If you look at the issue of law and order in country Victoria despite the record tax income that this government has had and all those huge tax increases that I have spoken about there has been no real change or increase in frontline police services. There has been money for additional police for task forces but not for frontline services and I can go right across my electorate and see stations that are undermanned. Some of the smaller ones are not manned at all now because police are being drawn into the regional towns to backfill positions there so no real increase has occurred in funding for frontline police services.
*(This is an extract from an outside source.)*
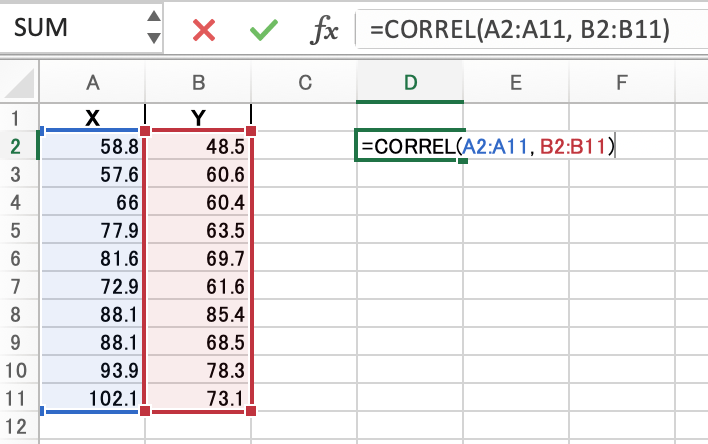=CORREL(比較したいデータAがある範囲,比較したいデータBがある範囲)を入力するだけです!
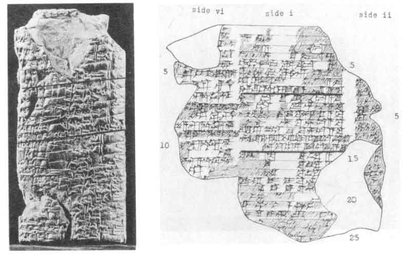The two pieces illustrated here are duplicates belonging to the epic tale, "Gilgamesh, Enkidu, and the Nether World." The one to the left is a tablet (14068 in the Nippur collection of the University Museum) published by Chiera in 1934.36 The one to the right (4429 in the Nippur collection of the Museum of the Ancient Orient at Istanbul) is a fragment of a prism copied by the author and hitherto unpublished. The marked passages contain the lines significant for the creation of the universe; for the translation and the transliteration, see note 37.

In my last few minutes I will address what has and has not been funded in the electorate of Murray Plains. As the local member in that area I have worked very hard with some of my community groups to enable them to get funding for some particular projects. If you look at the Echuca regeneration project the Echuca West Echuca South and specialist schools are to be merged into one site.
The previous coalition government actually bought the land for that particular merger and it allocated $200 000 to do the detailed planning. There has been $11 million for stage 1 of that – not quite half the funding for that particular project. Particularly for the specialist school that is very important because the specialist school in Echuca is all portables. There is growth in the numbers there but it is effectively a cluster of portables so they are desperate to get this new school up and going. Funding of $11 million is a good start but I would have liked to have seen the $23 million that is needed to do this whole project particularly so that the specialist school could have a new school.
In my response to the family violence royal commission I raised the issue of the Echuca courthouse and the fact that there is one entrance that the court shares with the Shire of Campaspe. I raised the need to have a separate entrance for the Shire of Campaspe and a separate one as well particularly for when there are issues around family violence or around ice and drugs so that people can come and go without necessarily bumping into other people who are in court. Again the community fought very hard to get that particular money.
One of the things that is not funded in the budget that I think is an absolute crying shame is Kyabram P–12 College. The Kyabram P–12 school has been to hell and back. Its A wing is absolutely riddled with white ants and is going to be pulled down. The Minister for Education tried to take away its year 9 portable classroom 18 months ago. The community got a reprieve for that building but there is no funding in the budget to help the school to rebuild any of those particular facilities. And there is no funding in the budget to fix up the issue of a deficit it has from a previous principal under the previous Labor government when the school was rorted for a whole heap of money. That money now has to be repaid out of the school budget. There is nothing there to help the Kyabram school which I find very disappointing.
As I said at the start this is a budget of broken promises because it increases taxes and does not deliver for all Victorians as the Premier said it would.